Non-orthogonal bases

What’s on the agenda for today?

Last time: Orthobases
- Things work in infinite dimension too with orthobases (without thinking too much)
- Last little bit to prove: isomorphism to $ℓ_{2}$
Today: What happens with non-orthogonal bases
Wednesday September 29, 2021: Least-square regression
Reading: Romberg, lecture notes 7

The following properties of an orthonormal set ${e_{i}}_{i \geq 1}$ are equivalent:
1. Finite linear combinations of elements in $H$ are dense in $H$ ;
2. If $v \in H$ and $\forall j \geq 1$ ${⟨ v, e_{j} ⟩}_{} = 0$ then $v = 0$ ;
3. If $v \in H$ then $\sum_{i = 1}^{n} {⟨ v, e_{i} ⟩}_{} e_{i}$ converges to $v$ (in the norm ${‖ \cdot ‖}_{}$ ) as $n \to \infty$ ;
4. If $v \in H$ and $\forall k$ $a_{k} ≜ {⟨ v, e_{k} ⟩}_{}$ then ${‖ v ‖}_{}^{2} = \sum_{k \geq 1} {| a_{k} |}^{2}$ .
This does not say anything about the existence of such nice orthornormal set
A space is separable if it contains a countable dense subset.
Separability is the key property to deal with sequences instead of collections
Any separable Hilbert space has an orthonormal basis.
Most useful Hilbert spaces are separable!

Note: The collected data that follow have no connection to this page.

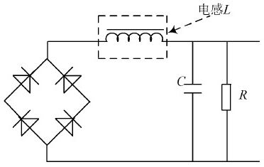 即功率因數(shù)校正( Pow er Factor Correct ion, PFC)是指有效功率與總耗電量( 視在功率) 之間的關(guān)系, 也就是有效功率除以總耗電量( 視在功率) 的比值。無源PFC 是指不使用晶體管等一些有源器件組成的校正電路, 一般情況下由二極管、電阻、電容和電感等無源器材組成。本文的PFC 主要是在整流橋堆和濾波電容之間加1 個(gè)電感, 具體原理如圖3 所示, 利用電感上的電流不能突變的特性來平滑電容充電強(qiáng)脈沖的波動(dòng), 改善電路中電流的畸變,并且利用電感上的電壓超前于電流這一特性來補(bǔ)償濾波電容電流超前電壓的特性, 使功率因數(shù)和電磁干擾都得以改善。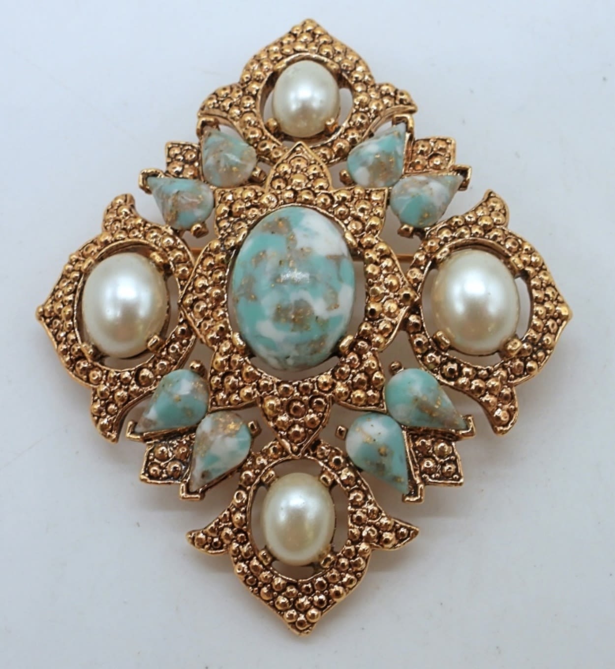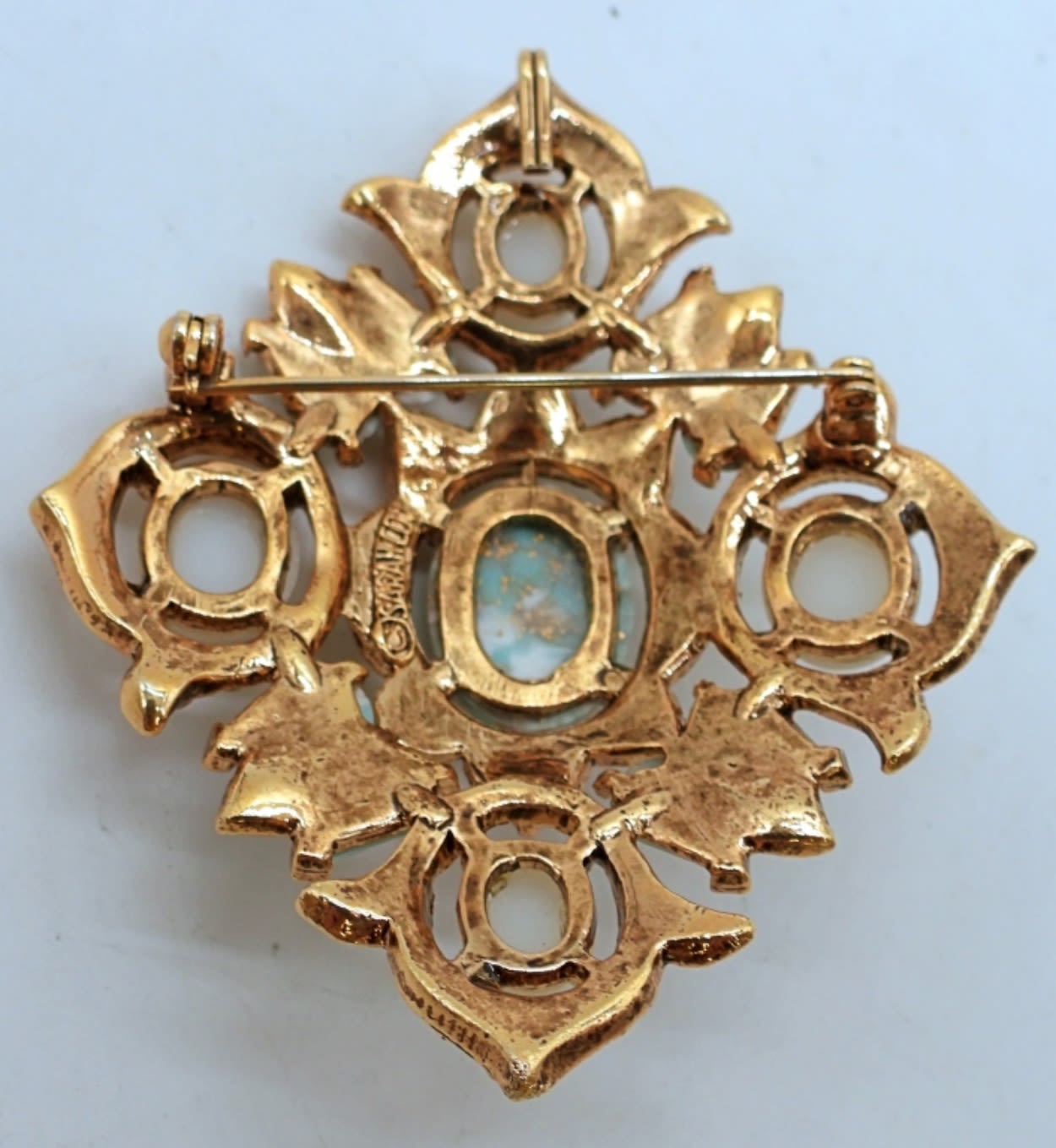 3IN LONG, GOLD TONE W/ FAUX PEARL AND BLUE/ WHITE NATURAL STONES, STAMPED W/ SARAH COV ON THE BACK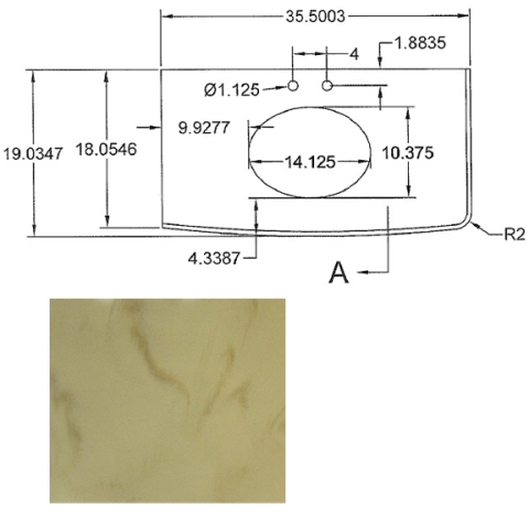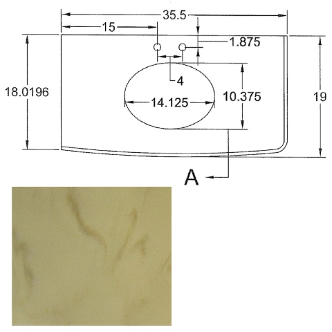 Countertop - Lavatory Top - 422SP - 35 1/2" x 19" - w/1614 Small Vanity Sink - Hanex - Twister Light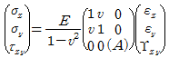 응력-변형률의 관계는 등반탄성체에서 평면응력의 경우 σ=[D]ε과 같은 행렬식으로 간단히 표현할 수 있다. 이때의 행렬식이 다음식과 같다면 (A)에 알맞은 것은? (단, E: 영률, v: 푸아송 비이다.)

We won’t worry about non-separable Hilbert spaces
Any separable Hilbert space is isomorphic to $ℓ_{2}$

Let ${v_{i}}_{i = 1}^{n}$ be a linearly independent set in a Hilbert space $H$ of dimension $n$ . Then, for any $x \in H$ , $x = \sum_{i = 1}^{n} α_{i} v_{i}$ for some $α \in R^{n}$ . In addition, there exists $A, B > 0$ such that $A {‖ α ‖}_{2}^{2} \leq {‖ x ‖}_{H}^{2} \leq B {‖ α ‖}_{2}^{2}$
Inequality is tight on both sides
For orthobases, $A = B = 1$
Interpretation:
- The values of $A$ and $B$ govern the stability of the representation
Examples

Recall from orthobases:
- perfectly stable representation $A = B = 1$
- Efficient computation of representations: $α_{i} = {⟨ x, v_{i} ⟩}_{}$
For any $x \in H$ with basis ${v_{i}}_{i = 1}^{n}$ we have $x = \sum_{i = 1}^{n} α_{i} v_{i} with α = G^{- 1} [\begin{matrix} {⟨ x, v_{1} ⟩}_{} \\ {⟨ x, v_{2} ⟩}_{} \\ ⋮ \\ {⟨ x, v_{n} ⟩}_{} \end{matrix}]$ There also exists a basis ${{\tilde{v}}_{i}}_{i = 1^{n}}$ such that $α_{i} = {⟨ x, {\tilde{v}}_{i} ⟩}_{}$

${v_{i}}_{i = 1}^{\infty}$ is a Riesz basis for Hilbert space $H$ if $cl (span ({v_{i}}_{i = 1}^{\infty})) = H$ and there exists $A, B > 0$ such that $A \sum_{i = 1}^{\infty} α_{i}^{2} \leq {‖ \sum_{i = 1}^{n} α_{i} v_{i} ‖}_{H}^{2} \leq B \sum_{i = 1}^{\infty} α_{i}^{2}$ uniformly for all sequences ${α_{i}}_{i \geq 1}$ with $\sum_{i \geq 1} α_{i}^{2} < \infty$ .
In infinite dimension, the existence of $A, B > 0$ is not automatic.
Examples

Computing expansion on Riesz basis not as simple in infinite dimension: Gram matrix is “infinite”
The Grammiam is a linear operator $G : ℓ_{2} (Z) \to ℓ_{2} (Z) : x \mapsto y with [G (x)]_{n} ≜ y_{n} = \sum_{ℓ = - \infty^{\infty}} {⟨ v_{ℓ}, v_{n} ⟩}_{} x_{ℓ}$
Fact: there exists another linear operator $H : ℓ_{2} (Z) \to ℓ_{2} (Z)$ such that

$H (G (x)) = x$ We can replicate what we did in finite dimension.